# Haus2 - new Hausgrind on the way?



## slamm (Nov 26, 2016)

Ok lets get this rumour started...









I could be wrong.. but in this photo of the Feld2 I think Peter might be dropping a sneaky blurred hint that another grinder is on the way. In the background there is what I'm pretty sure is a dial from a Hausgrind attached to an integrated lid/ crank arm assembly, as used on the Feld2. Would make good sense if it can be done as it seems pop-corninig has always been a bit of an issue with the Haus having no lid.

So maybe Peter is planning the same solution for the Haus, and a Haus2 is coming with a similar type of lid/crank arm..

Or better still.. maybe this will be an entirely new grinder, maybe with larger burrs..


----------



## Stanic (Dec 12, 2015)

good thinking! I'm holding my breath for bigger burr haus2









it could also be just a cover for the unsightly hole in the middle providing point of reference for grind setting, and lid with a different surface finish - you can see the white numbers on it


----------



## slamm (Nov 26, 2016)

Stanic said:


> good thinking! I'm holding my breath for bigger burr haus2
> 
> 
> 
> ...


Well spotted, I didn't see the numbers so you could be right.. hope not!

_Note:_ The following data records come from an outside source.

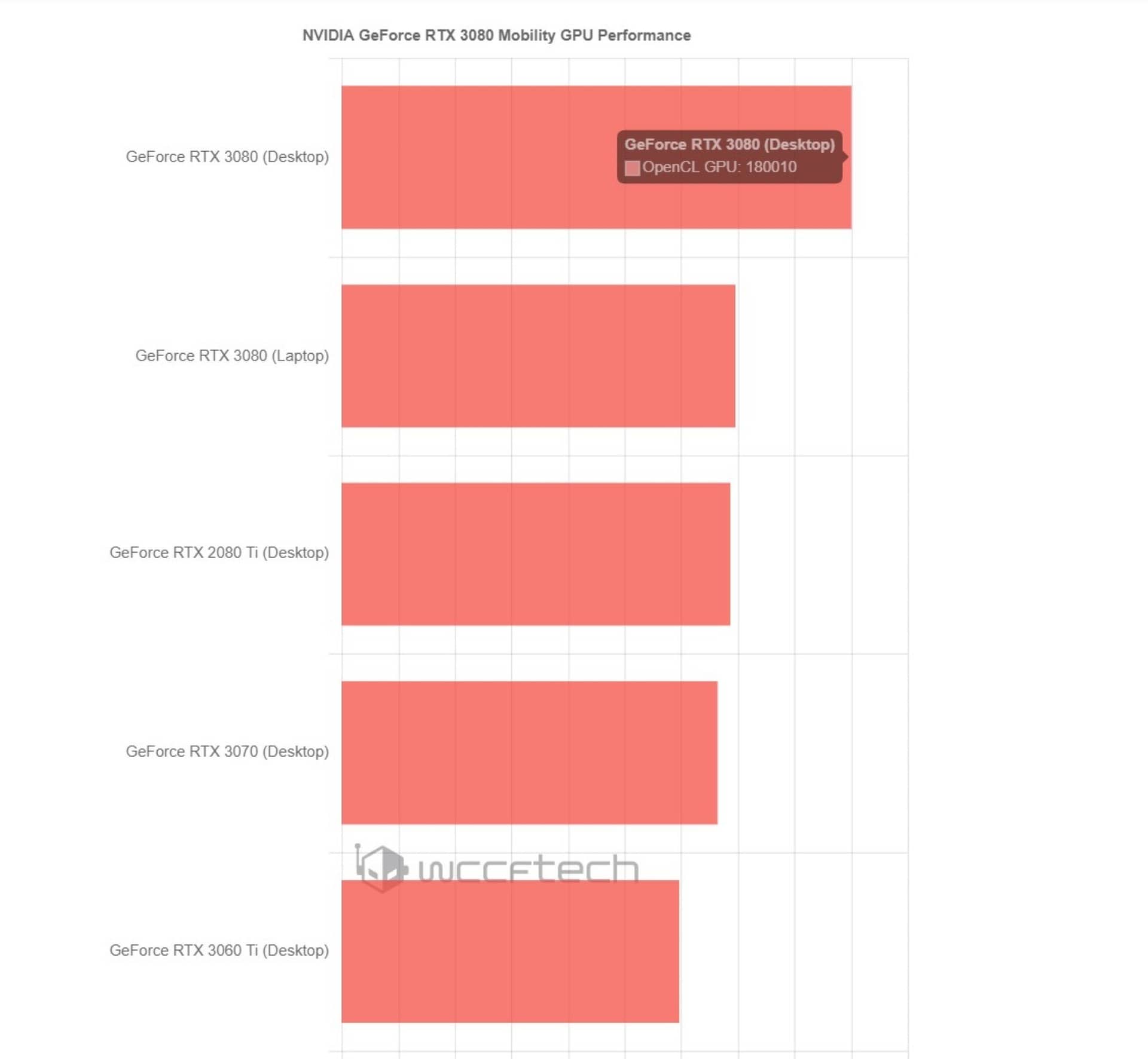 RTX 3080 và RTX 3070 về cơ bản đều dùng con GA104 - cùng một con GPU của RTX 3060 Ti và RTX 3070 trên card đồ họa cho desktop. Phiên bản RTX 3080 cho laptop được giữ nguyên 48 SM, nhiều hơn 46 SM của GA104 trên RTX 3070 desktop và như vậy nó cho 6144 nhân CUDA, 48 nhân Ray Tracing và 192 nhân Tensor. Tuy nhiên xung nhịp của nó sẽ thấp hơn so với phiên bản GA104 trên desktop bởi giới hạn về TGP. Phiên bản RTX 3080 Max-Q sẽ có TGP từ 80 đến 90 W, xung tối đa của nó sẽ đạt tầm 1365 MHz và hiệu năng FP32 ở 15,30 TFLOPS. Trong khi đó phiên bản RTX 3080 Max-P với TGP lên đến 150 W sẽ có thể đạt mức xung đến 1710 MHz, hiệu năng FP32 ở 18,98 TFLOPS, như vậy hiệu năng của Max-P sẽ cao hơn Max-Q tầm 24% và RTX 3080 Max-P chỉ thua RTX 3070 trên máy bàn khoảng 7% nếu những thông số này chính xác.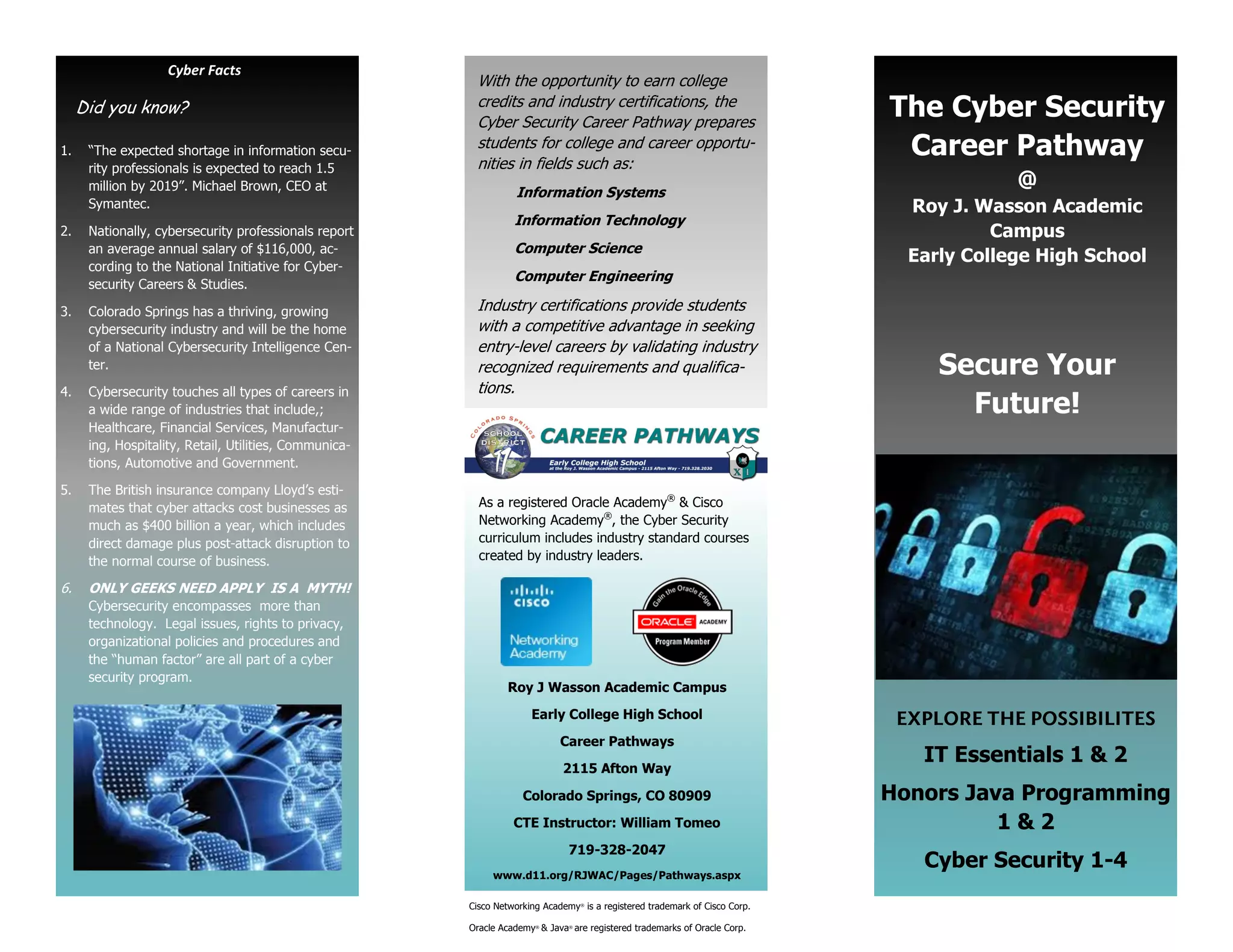 This document provides information about cybersecurity career pathway courses offered at the Roy J. Wasson Academic Campus Early College High School. The courses include IT Essentials 1 & 2, Honors Java Programming 1 & 2, and Cyber Security 1-4. These courses cover fundamentals of computer hardware, software, programming, networking, and security. Students can earn college credits, industry certifications, and prepare for careers in fields like information systems, information technology, and computer science.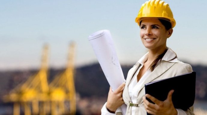 Красивая дама на заводе.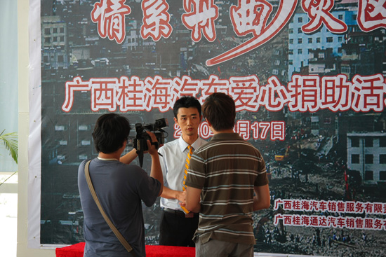 桂海的工作人員在捐款現(xiàn)場(chǎng)接受媒體采訪
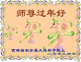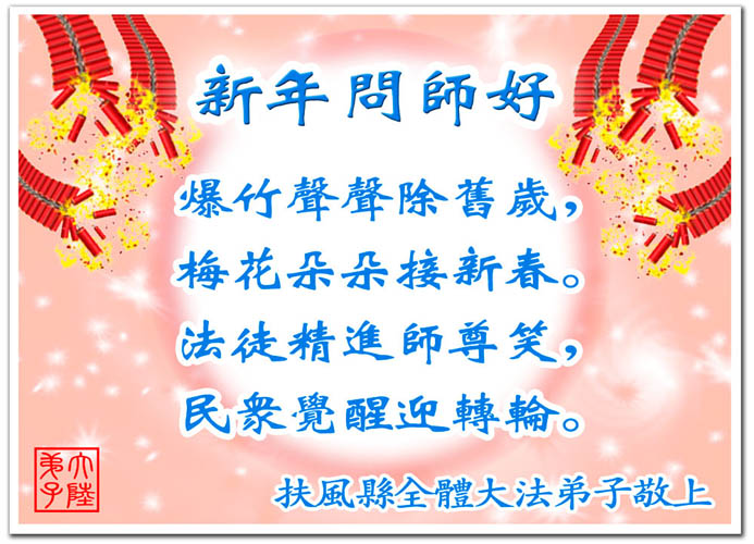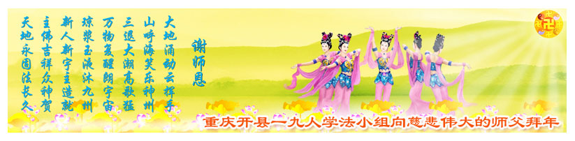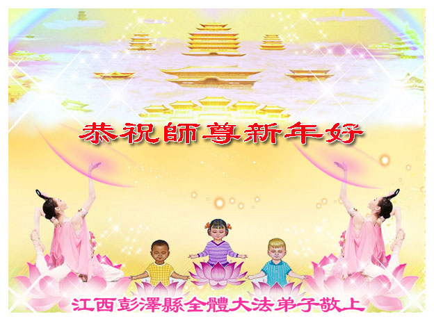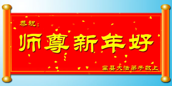 随着岁月的流失,又一个新年即将到来。在这辞旧迎新的日子里,我们全乡镇的大法弟子向伟大的恩师拜年!祝师尊新年快乐!弟子们思念我们伟大的师尊。在这瞬间即逝的宝贵时间里,我们要紧跟师父的正法進程,去掉各种执著,精進实修,学好法,做好三件事,比学比修,整体升华,整体提高。圆容师尊所要的,不辜负恩师的期盼。完成我们肩负的重任——救度众生,圆满随师把家还。谢谢恩师。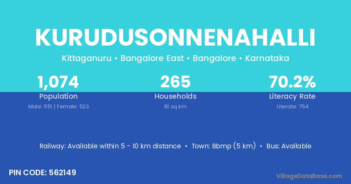 Kurudusonnenahalli village has a total population of 1,074 people, of which 551 are males and 523 are females.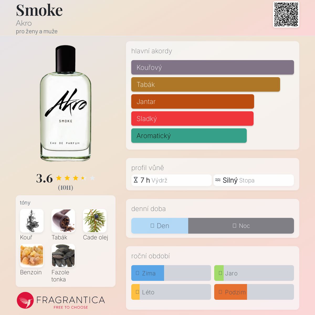 Smoke podle Akro je Orientální Woody vůně pro ženy a muže. Smoke byl/a uveden/a v roce 2018. "Nosem" za touto vůní je Olivier Cresp.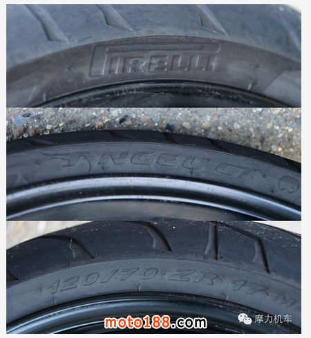 在輪胎的選擇方面,車主選擇歐洲知名大廠 Pirelli 的 ANGEL GT 休旅胎,規格則是 120/70 ZR17,車主表示耐磨程度還算中上,目前已經使用七千多公里,前輪胎紋依然還有1/3厚。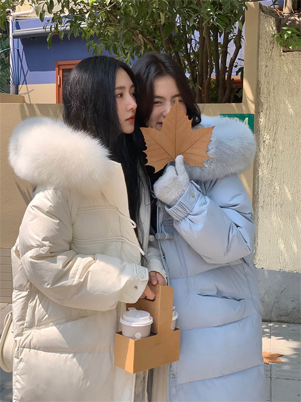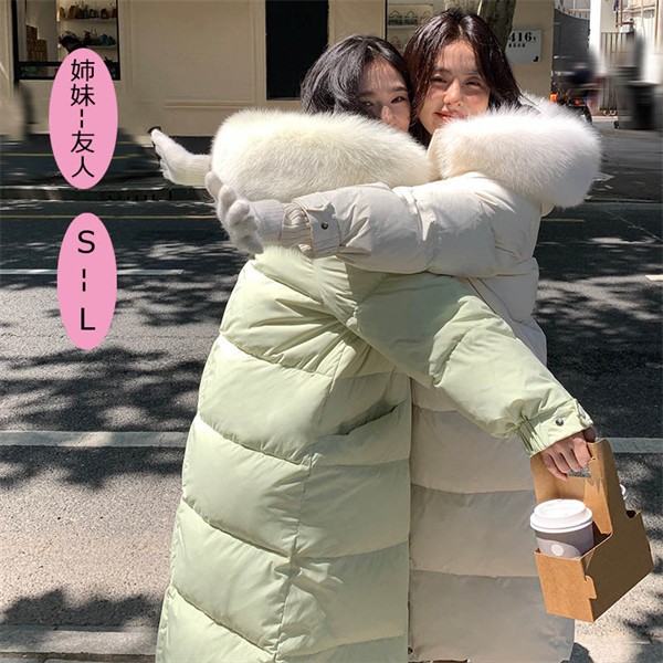姉妹 ダウンジャケット コート レディース 秋冬 防寒 ロングコート 友人 お揃い 服 アウター ベンチコート 冬服 オーバーサイズ ゆったり感 ポケット付き フード付き 撥水 厚手 おしゃれ あったか 韓国風 ホワイト グリーン ブルー ブラック ブラウン dv018z7z7zr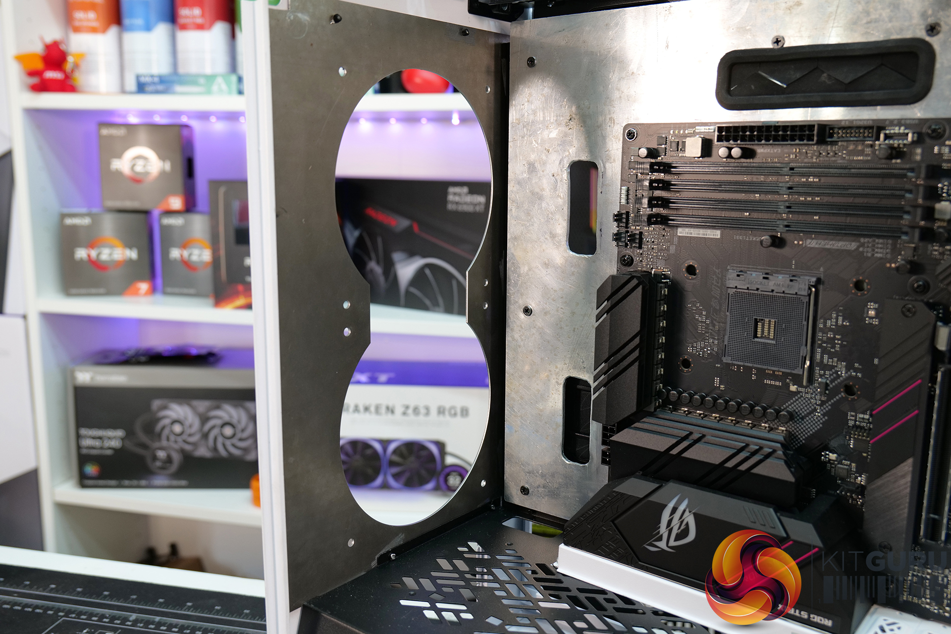 A large section of the rear Meshify 2 panel is also cut away ready to create a mount for the rear 280mm radiator. A new rear panel is designed with 140mm fan cut-outs and screw mounts, laser-cut from 1.5mm mild steel and riveted in position on the original rear case panel. The case is then temporarily reassembled to check that everything fits together as intended. Some additional cable pass-through holes are cut out of the motherboard adaptor plate to allow 24-pin ATX, EPS and fan cables to be connected.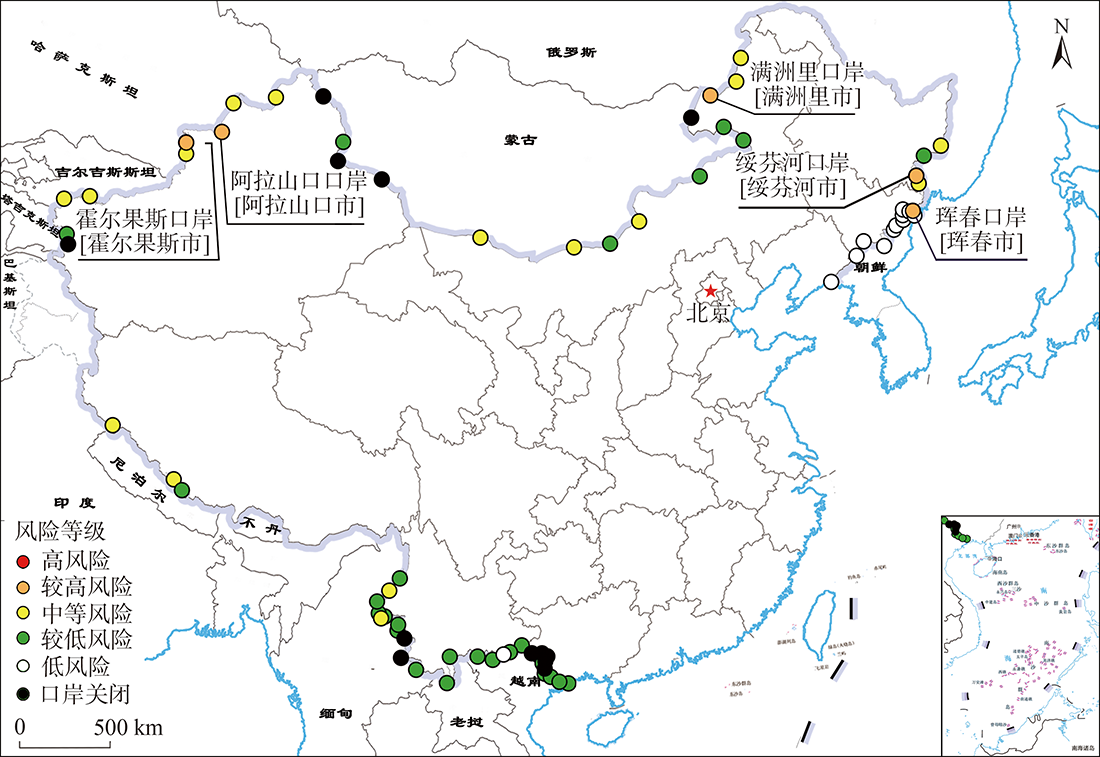 传染病影响人类福祉和可持续发展,边境口岸地区是传染病境外输入防控中的薄弱区域。然而,目前关于边境地区传染病境外输入风险和防控的研究大部分停留在指标体系构建或定性分析的层面。现有研究中缺乏从地理学视角分析边境口岸传染病的时空演化,对传染病风险的定量测度与情景模拟有待加强,对中国边境口岸的疫情防控工作缺乏精准指导。本文构建了一般意义上的边境口岸地区传染病境外输入风险指数(ERI),评估了一般年份中国陆地边境口岸地区传染病境外输入风险,并以2020年新冠肺炎疫情为例,对中国陆地边境口岸不同管控措施情境进行风险分析,识别了疫情境外输入的高风险口岸。结果表明:① 一般年份中约1/5的中国陆地边境口岸风险较高,包括瑞丽、二连浩特、满洲里、东兴等,其中中缅边境地区最为集中。② 2020年中国边境口岸地区新冠肺炎疫情境外输入呈现空间极化特征,集中发生在满洲里、绥芬河、瑞丽三个口岸地区。③ 中俄、中哈边境口岸地区是新冠肺炎疫情境外输入的较高风险区域,霍尔果斯、满洲里、阿拉山口、绥芬河、珲春5个口岸仍存在新冠肺炎疫情境外输入的较高风险。增强边境口岸管控措施对降低新冠肺炎疫情境外输入风险效果显著,后疫情时代需积极转变边境对外贸易方式,协调边境发展与疫情管控之间的关系。本文提出的传染病跨境传播风险评估方法,不仅为当前新冠肺炎疫情的常态化防控提供决策参考,更为今后各类传染病境外输入的定量评估和分级分类管控提供科学支撑。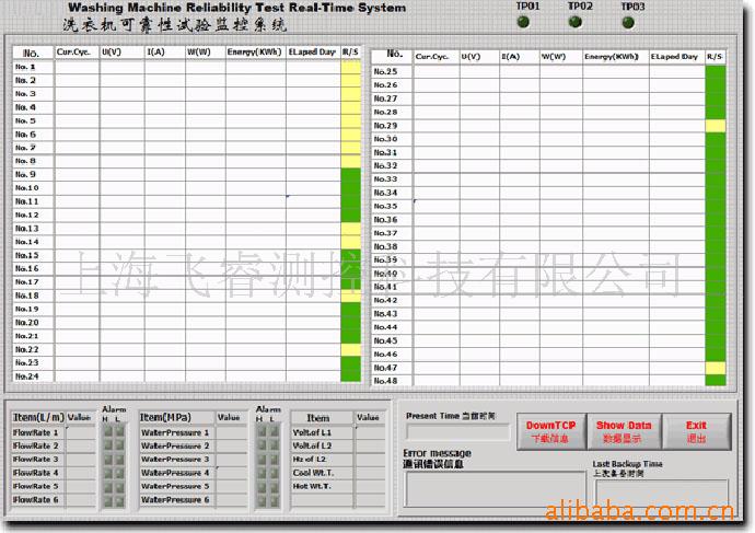 用NI公司的LabVIEW 7.1配合NI的NI PXI-1042 8-Slot,NI PXI-8105,NI PXI-4072,NI PXI-2575,NI PXI-6225,測量各工位的電壓、電流、功率,對洗衣機(jī)運(yùn)行狀況進(jìn)行長期監(jiān)測,實(shí)現(xiàn)其壽命測試。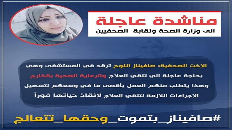 Image may contain: ‎2 people, ‎text that says '‎مناشدة عاجلة الى وزارة الصحة ونقابة الصحفيين الاخت الصحفية: صافيناز اللوح ترقد في المستشفى وهي بحاجة عاجلة الي تلقي العلاج والرعاية الصحية بالخارج وهذا يتطلب منكم العمل بأقصى ما في وسعكم لتسهيل الإجراءات اللازمة لتلقي العلاج لإنقاذ حياتها فوراً تتعالج #صافيناز بتموت_‎'‎‎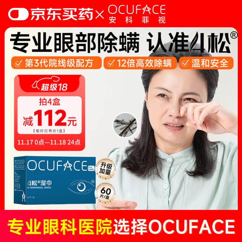 OCUFACE欧科4松湿巾四松油醇眼部除螨茶树油精华眼贴除螨虫棉片60片/盒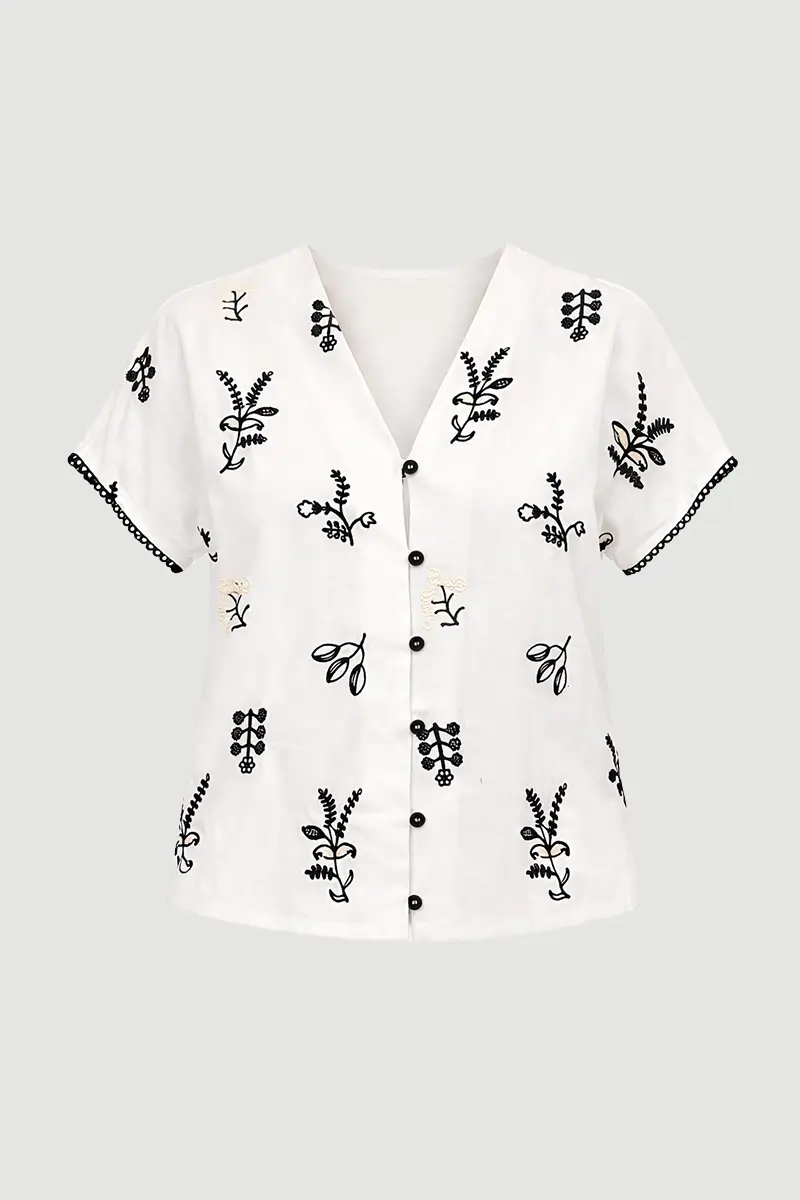 Zarif nakış detaylarıyla zenginleşen tasarımı, sade ve feminen bir görünüm sunar. Doğal keten dokusu sayesinde hafif ve nefes alabilen bir yapı sağlar. Gün boyu konfor sunan rahat formu farklı parçalarla kolayca kombinlenebilir. Günlük stilin yanı sıra yaz kombinlerinde de şık bir alternatif oluşturur. Zamansız tasarımıyla gardırobun zarif parçalarından biri olur.
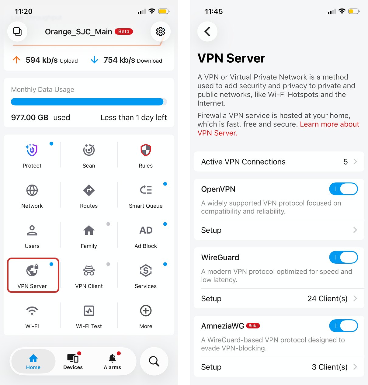 The Firewalla VPN Server keeps you secure by linking your devices back to your Firewalla from anywhere in the world. Just turn it on and start connecting your devices to it.
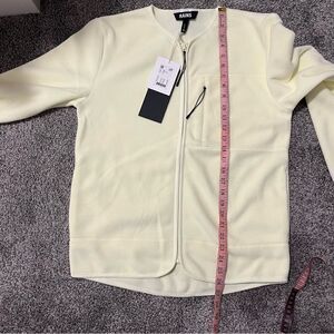 Fleece Jacket features an O-neck collar, chest pocket with concealed zip, and concealed side pockets. The look is finished with elasticated binding details. The design is cut from a soft double-sided micro fleece, developed to be tactile with a clean aesthetic, and breathable.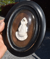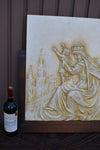 Antique large chalk plaque in a wood framefor wall hangingmadonna with child in relief looking at cathedral signed...

The top of the Feld2 does look a bit unfinished in this photo so maybe there will be some kind of cover and he was trying out a spare Haus dial or something. Does look a bit deliberate though to put something similar in the background but a bit different and nicely out of focus, seems designed to intrigue.

Either way I imagine a bigger burr grinder must be on the cards at some stage, I would be surprised if it's not part of his plans.


----------



## Fyoosh (Oct 30, 2017)

Bad news for those hoping for a new Hausgrind, great news for those (me) going for the new Feldgrind. Mystery solved?


----------



## slamm (Nov 26, 2016)

Ah that makes sense.. nice one bob_. An integrated lid/ crank still seems a likely solution for a Haus2 , sooner or later..


----------